For Dieharder, using the correct options and having sufficient input data is very important. You need 14+ gigabytes of input data to run dieharder with a small number of rewinds. Having a small data file input feeds the same data multiple times into the test and often gives false ‘FAILED’ results. I run most dieharder tests with:

`dieharder -g 201 -k 2 -Y 1 -f FILENAME`

-g 201 = use external file as input

-k 2 = use maximum accuracy to machine precision (slower)

-Y 1 = resolve ambiguity mode = reruns ‘WEAK’ results until PASSED or FAILED result is obtained

-f FILENAME = the name of the file to use for the source

### diehard_sums test

### Other dieharder failures

As with other statistical tests for random number generators, it is expected that each dieharder test gets a ‘FAILED’ result a certain percentage of the time.

A single of small number of failures on a particular test is not a cause to label the generator as bad.

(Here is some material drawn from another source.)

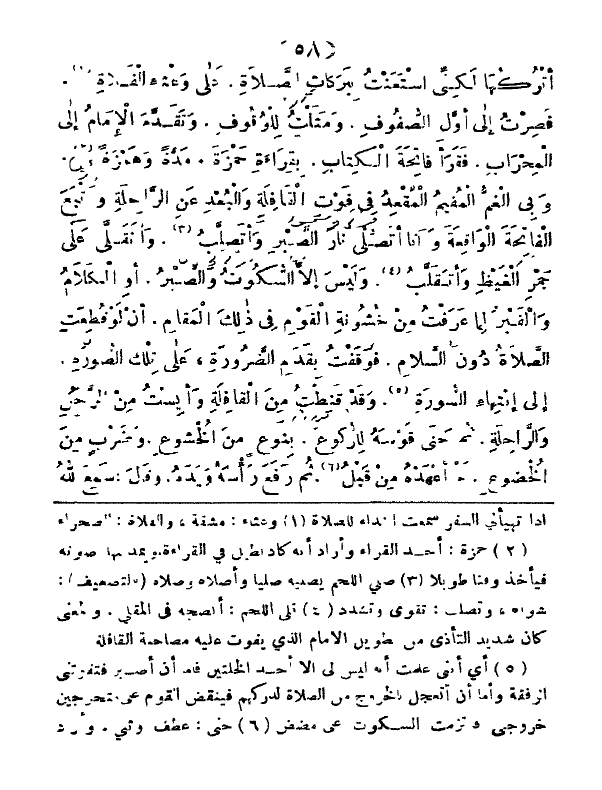 أَتْرُكَها، لَكِنِّي اسْتَعَنْتُ بِبَركاتِ الصَّلاةِ، عَلى وَعْثَاءِ الفَلاةِ، فَصِرْتُ إِلَى أَوَّلِ الصَُفُوفِ، وَمَثَلْتُ لِلْوُقُوفِ، وَتَقَدَّمَ الإِمَاُم إِلى المِحْرَابِ، فَقَرَأَ فَاتِحَةَ الكتَابِ، بِقِراءَةِ حَمْزَةَ، مَدَّةً وَهَمْزَةً، وَبِي الْغَمُّ الْمُقِيمُ الْمُقْعِدُ في فَوْتِ القَافِلَةِ، وَالبُعْدِ عَنِ الرَّاحِلَةِ، وَاتْبَعَ الفَاتِحَةَ الوَاقِعَةَ، وَأَنَا أَتَصَلَّى نَارَ الصَّبْرِ وَأَتَصَلَّبُ، وَأَتَقَلَّى عَلى جَمْرِ الغَيْظِ وأَتَقَلَّبُ، َوَلْيَس إِلاَّ السُّكُوتُ وَالصَّبْرُ، أَوِ الكَلاَمُ وَالْقَبْرُ؛ لِمَا عَرَفْتُ مِنْ خُشُونَةِ القَومِ فِي ذَلكَ المَقامِ، أَنْ لَوْ قُطِعًتِ الصَّلاةُ دُونَ السَّلام، فَوَقَفْتُ بِقَدَمِ الضَّرُورَةِ، على تِلْكَ الصُّورَةِ إِلَى انْتِهَاءِ السُّورَةِ، وَقَدْ قَنِطْتُ مِنَ القَافِلَةِ، وَأِيِسْتُ مِنَ الرَّحْلِ وَالرَّاحِلَةِ، ثُمَّ حَنَى قَوْسَهُ لِلْرُّكُوع، بِنَوْعِ مِنَ الخُشُوعِ، وَضَرْبٍ من الخُضُوعِ، لَمْ أَعْهَدْهُ مِنْ قَبْلُ، ثُمَّ رَفَعَ رَأَسَهُ وَيَدَهُ، وَقَالَ: سَمِعَ اللهُ

For a ‘FAILED’ result, a particular test can be re-ran on the same input file with a larger block size to show that the failure is an anomaly.

I use the following to re-run a single particular dieharder test and increase the p_value multiplier (-m) and/or use split to chop up the input file into chunks then test each one separately (re-running the same test on the same input will get the same result and not tell you anything about the rest of the file)

`dieharder -d 201 -g 201 -k 2 -Y 1 -m 2 -f FILENAME`

-d 201 = test number to run — see below

-g 201 = use external file as input

-k 2 = use maximum accuracy to machine precision (slower)

-Y 1 = resolve ambiguity mode = reruns ‘WEAK’ results until PASSED or FAILED result is obtained

-m 2 = use twice the number of p_samples as input

-f FILENAME = the name of the file to use for the source

```
Dieharder Test Flags
-d 0 Diehard Birthdays Test Good
-d 1 Diehard OPERM5 Test Good
-d 2 Diehard 32x32 Binary Rank Test Good
-d 3 Diehard 6x8 Binary Rank Test Good
-d 4 Diehard Bitstream Test Good
-d 5 Diehard OPSO Suspect
-d 6 Diehard OQSO Test Suspect
-d 7 Diehard DNA Test Suspect
-d 8 Diehard Count the 1s (stream) Test Good
-d 9 Diehard Count the 1s Test (byte) Good
-d 10 Diehard Parking Lot Test Good
-d 11 Diehard Minimum Distance (2d Circle) Test Good
-d 12 Diehard 3d Sphere (Minimum Distance) Test Good
-d 13 Diehard Squeeze Test Good
-d 14 Diehard Sums Test Do Not Use
-d 15 Diehard Runs Test Good
-d 16 Diehard Craps Test Good
-d 17 Marsaglia and Tsang GCD Test Good
-d 100 STS Monobit Test Good
-d 101 STS Runs Test Good
-d 102 STS Serial Test (Generalized) Good
-d 200 RGB Bit Distribution Test Good
-d 201 RGB Generalized Minimum Distance Test Good
-d 202 RGB Permutations Test Good
-d 203 RGB Lagged Sum Test Good
-d 204 RGB Kolmogorov-Smirnov Test Test Good
-d 205 Byte Distribution Good
-d 206 DAB DCT Good
-d 207 DAB Fill Tree Test Good
-d 208 DAB Fill Tree 2 Test Good
-d 209 DAB Monobit 2 Test Good
```

If there is consistent failure on a particular test using multiple input runs and the test is not suspect, then there may be something wrong with the random number generator or testing methodology.